Antonio Carlos
Egypto
CAMPO GRANDE.
Brasil, 2015. Direção: Sandra
Kogut. Com Carla Ribas, Ygor Manoel,
Rayane do Amaral, Júlia Bernat. 109 min.
Em “Campo Grande”, a diretora Sandra Kogut nos coloca
num clima de incertezas e aflição. Desde
a primeira cena até o seu final, não sabemos direito o que está acontecendo,
mesmo depois de nos familiarizarmos com os personagens. Antes disso, a aflição
é maior: surge uma menina pequena, de uns 6 anos de idade, de aparência muito
simples, abandonada pela mãe numa residência de classe média alta, na zona sul
do Rio, em Ipanema. Só vemos a praia,
por duas vezes, por meio de uma fresta entre prédios. Outro menino abandonado aparece, é o irmão um
pouco maior da menina, e ficamos sabendo que sua mãe os orientou a que esperem
por ela naquele lugar. Como assim?
A casa é de Regina (Carla Ribas), que não sabe o que
fazer nessa situação. Mas muita coisa
está acontecendo com ela e com a filha jovem, Lila (Júlia Bernat). O que será?

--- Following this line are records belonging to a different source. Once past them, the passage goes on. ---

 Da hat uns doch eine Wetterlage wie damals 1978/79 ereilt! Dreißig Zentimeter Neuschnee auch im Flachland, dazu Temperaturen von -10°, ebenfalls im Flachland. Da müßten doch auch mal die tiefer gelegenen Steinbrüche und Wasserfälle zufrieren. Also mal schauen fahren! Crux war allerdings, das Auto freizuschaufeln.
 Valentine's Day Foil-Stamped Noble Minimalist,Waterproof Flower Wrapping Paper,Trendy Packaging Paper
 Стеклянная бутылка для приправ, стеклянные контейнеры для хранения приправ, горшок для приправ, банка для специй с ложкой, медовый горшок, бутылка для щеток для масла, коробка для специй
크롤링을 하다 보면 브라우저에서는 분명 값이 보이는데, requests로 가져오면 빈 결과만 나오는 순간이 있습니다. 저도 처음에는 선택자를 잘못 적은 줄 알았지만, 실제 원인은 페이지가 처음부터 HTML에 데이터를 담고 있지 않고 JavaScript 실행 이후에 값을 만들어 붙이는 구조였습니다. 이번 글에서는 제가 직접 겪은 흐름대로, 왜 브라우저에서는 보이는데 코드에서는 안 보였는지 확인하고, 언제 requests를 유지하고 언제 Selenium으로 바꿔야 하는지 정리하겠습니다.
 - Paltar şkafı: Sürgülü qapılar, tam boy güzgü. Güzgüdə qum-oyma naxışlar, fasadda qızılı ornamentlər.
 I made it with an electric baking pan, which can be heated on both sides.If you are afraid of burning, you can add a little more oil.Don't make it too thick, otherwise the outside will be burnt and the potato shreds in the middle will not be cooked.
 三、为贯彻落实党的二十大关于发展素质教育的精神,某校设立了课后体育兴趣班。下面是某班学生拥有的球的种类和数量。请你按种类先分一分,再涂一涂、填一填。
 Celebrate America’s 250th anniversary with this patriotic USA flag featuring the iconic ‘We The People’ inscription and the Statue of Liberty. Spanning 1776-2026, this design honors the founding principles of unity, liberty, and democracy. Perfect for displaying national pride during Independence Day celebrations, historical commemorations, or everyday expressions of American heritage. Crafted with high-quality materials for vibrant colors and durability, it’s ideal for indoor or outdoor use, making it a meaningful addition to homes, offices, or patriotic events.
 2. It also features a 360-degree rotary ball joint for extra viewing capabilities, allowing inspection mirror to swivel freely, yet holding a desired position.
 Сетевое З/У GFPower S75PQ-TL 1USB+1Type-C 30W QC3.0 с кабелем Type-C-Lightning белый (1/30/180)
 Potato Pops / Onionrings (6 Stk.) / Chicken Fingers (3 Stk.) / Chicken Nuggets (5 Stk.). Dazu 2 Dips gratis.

Percebe-se que o apartamento está sendo desmontado e que o pai não está
mais ali. Supõe-se que houve uma
separação e que vai haver mudança. As
pessoas estão vulneráveis, perdidas.
Lá fora, os ambientes estão cheios de máquinas e
equipamentos, tudo parece em construção ou em reforma, nas proximidades, na
rua. Tudo é provisório, se perde ou se
desintegra. O abandono não é só o das
crianças, é das pessoas, é da própria cidade.
Rayane (Rayane de Amaral) e Ygor (Ygor Manoel) são as
crianças abandonadas, que moram (moravam?) no bairro de Campo Grande. Tem também uma avó na história deles, que
aparece como referência afetiva, mas cuja casa não se localiza. Abrigos de menores, orfanatos, entram na
dança, enquanto a mãe não aparece (aparecerá?).
E quem será? Uma antiga empregada
da casa, talvez.
Vamos montando as peças para o entendimento da
situação, por falas dispersas, sussurradas, banais, indefinidas, fora do
quadro, perguntas sem respostas dos personagens e um constante mal-estar, que
nos mostra algo cifrado, porém, num contexto muito conhecido. São as nossas velhas mazelas, os nossos
problemas sociais crônicos. As
diferenças dos mundos da casa grande e da senzala, que vêm de longe e mudam
basicamente só de casca.
Esse clima indefinido em que as coisas são mostradas
no filme produz a angústia da impotência diante do conhecido, a aflição a que
me referi, alimentada pelo medo e pelas incertezas. Quanto mais bem realizada a sequência, mais
bela a poesia da câmera, mais aflitivo fica.
A cineasta nos conduz para dentro da questão social
com personagens reais, de carne e osso, com os quais compartilhamos uma dor e
uma busca que também é nossa. Fazemos
parte dela e do abandono que envolve cada um dos personagens. As atrizes protagonistas e as crianças,
especialmente o garoto Ygor, enchem de humanidade essa narrativa desafiante
para o espectador. Impossível não se
tocar com o drama insinuado, nunca escancarado, jamais objeto de exploração
emocional. Por isso mesmo, tão
verdadeiro.
Sandra Kogut já havia mostrado grande talento em seu
segundo longa, “Mutum”, de 2007, em que o universo de Guimarães Rosa se
revelava em poesia, beleza e humanidade.
Com “Campo Grande”, ela mostra criatividade ao colocar na sombra, no
intertextual, no não-dito, o nosso drama social.
Vale comentar, também, que moradores de Campo Grande,
um dos mais populosos bairros do Rio, reclamaram junto aos cinemas locais,
exigindo que esse filme, que aborda a realidade do bairro, passasse nos cinemas
de lá, o que não estava previsto de acontecer.
E conseguiram. O povo quer ver
sua realidade expressada no cinema, mas o circuito exibidor não tem
sensibilidade para perceber isso. E tem
outros interesses e compromissos comerciais.